The Center for a New American Dream, a group of doctors and teachers based in Takoma Park, Md., an anti-advertising-to-kids group whose motto is "More fun, less stuff," will also be on hand.

"Children are bombarded with advertisements," said Dr. Poussaint, "and advertisers also push this `nag factor' -- for children to nag their parents to buy them certain things. This sets up a tension and strife between parents and children."

Dr. Poussaint was referring to a 1998 "Nag Factor" study conducted by Western International Media, now Initiative Media. Also called "The Fine Art of Whining," the study sought to prove "Why nagging is a kid's best friend" and found that "21% to 40% of sales of jeans, burgers and other products occur because a child asked for [the product]." The study identified different parental groups such as "Indulgers [33% of parents], most likely to be affected by nagging" and "Conflicted [20%], frequently give in to nagging, but are very ambivalent."

"The study was intended to help companies figure out how to get children to nag more effectively," Ms.

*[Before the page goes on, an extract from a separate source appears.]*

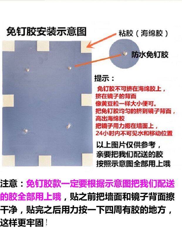 Bathroom mirror Hole-free powder room wall-mounted mirror Toilet vanity glass mirror Wash bathroom half-body mirror Wall-mounted mirror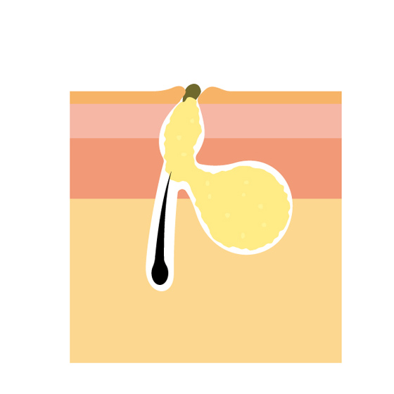 皮脂により毛穴がふさがれてしまうと、抜け落ちた産毛や垢(古い角層)が混ざりあって、角栓となります。

Linn said. "This is really undermining parental authority within the family, and also harming the well-being of children and families."

Advertising executives, naturally, defend the study and kid's advertising in general. "The nag factor, as negative as it sounds, is really about when kids and parents are watching TV together -- that's when the advertising has the best effect," said Mike Lotito, president-chief operating officer of Initiative Media. "Parents are able to teach kids how to evaluate and review advertising and what to take away from it, and kids are able to voice their interest in products."

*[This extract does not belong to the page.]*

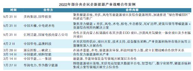 2022年部分央企民企新能源產(chǎn)業(yè)戰(zhàn)略合作案例

"Most products really provide something for kids that they really, truly need for their development, for their social interaction," said Chris McKee, creative director of Geppetto Group, New York, and one judge of the Golden Marbles awards. Pokemon taps "a fundamental need of kids to collect things and become empowered by collecting."

But to the protesting doctors and educators, fast-food and junk-food ads clearly contribute to the epidemic of obesity in children, and violent ads contribute to violence in schools. Protesters want a White House conference on marketing to children. "We need to begin a national dialogue on this issue," Ms. Linn said.

"There is no reason to keep kids hermetically sealed away from our society," said Dan Jaffe, exec VP of the Association of National Advertisers, who added that as long as advertising to kids is fair and truthful it is OK. "You can't keep kids in a cocoon until they come out of the chrysalis full grown."